Q11.A random sample of 30 people was selected from a population with an unknown mean and standard
deviation. The sample mean was found to be 72 and the sample standard deviation was found to be 10.
Conduct a hypothesis test to determine if the population mean is significantly different from 70. Use a
significance level of 0.05.


To conduct a hypothesis test to determine if the population mean is significantly different from 70 given a random sample of 30 people with a sample mean of 72 and a sample standard deviation of 10, we can perform a one-sample t-test.

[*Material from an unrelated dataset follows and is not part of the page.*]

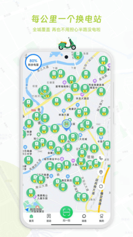 1、地图导航功能可展示电器柜的分布情况与电量状态,助力用户迅速定位到距离最近的换电站。
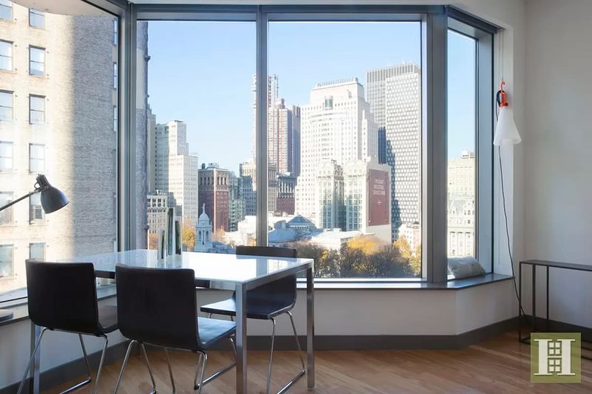Featuring a corner layout, this One Bedroom/ One Bathroom apartment stands out in a building of unique apartments which bring the drama of the dynamic exterior wall movement into the residences. The undulating facade creates free-form bay windows which flood the home with light. All interior finishes have been selected by Gehry, including his signature honey-colored, vertical grain Douglas Fir cabinetry, hardwood floor, marble tile, washer/dryer in the apartment (!) and top-of-the-line appliances & fixtures. For members, the full-service building features 22,000 square feet of indoor and outdoor health, wellness, social and entertainment amenity spaces on par with world-class hotels and resorts, including two terraces with grills, cafe seating & dining cabanas, 50-foot pool set within skylit space surrounded by fully retractable glass doors, creating a seamless integration with the wraparound sundeck, lounge area with grand piano & private dining room, 3,300-square foot state-of-the-art fitness center, boxing & private training studios, spa treatment suite, library, both a tween’s den & children’s playroom as well as a screening room with Gehry-designed amphitheater seating. All conveniently located near restaurants, shopping, many transportation options at Fulton Street Station and all the best FiDI and TriBeCa have to offer! NO FEE!!!

Here's how you can do it in Python:

```python
from scipy.stats import t

# Sample data
sample_mean = 72
sample_std = 10
sample_size = 30
population_mean = 70

# Calculate the t-statistic
t_stat = (sample_mean - population_mean) / (sample_std / (sample_size ** 0.5))

# Degrees of freedom
df = sample_size - 1

# Calculate the critical t-value for a two-tailed test at alpha = 0.05
alpha = 0.05
critical_t = t.ppf(1 - alpha/2, df)

# Calculate the p-value
p_value = 2 * (1 - t.cdf(abs(t_stat), df))

# Print the results
print("t-statistic:", t_stat)
print("Critical t-value:", critical_t)
print("P-value:", p_value)

# Interpretation of results
if abs(t_stat) > critical_t:
    print("Reject the null hypothesis: The population mean is significantly different from 70.")
else:
    print("Fail to reject the null hypothesis: There is not enough evidence to conclude that the population mean is significantly different from 70.")
```

In this code:

- We calculate the t-statistic using the formula \(\frac{{\bar{x} - \mu}}{{s/\sqrt{n}}}\), where \(\bar{x}\) is the sample mean, \(s\) is the sample standard deviation, \(n\) is the sample size, and \(\mu\) is the population mean we are testing against (70 in this case).
- We determine the degrees of freedom (\(df\)) which is equal to \(n - 1\).
- We calculate the critical t-value for a two-tailed test at a significance level of 0.05 using the inverse cumulative distribution function (ppf) of the t-distribution.
- We calculate the p-value using the cumulative distribution function (cdf) of the t-distribution and compare it with the significance level (alpha).

Based on the results, if the absolute value of the t-statistic is greater than the critical t-value, we reject the null hypothesis and conclude that the population mean is significantly different from 70. Otherwise, we fail to reject the null hypothesis.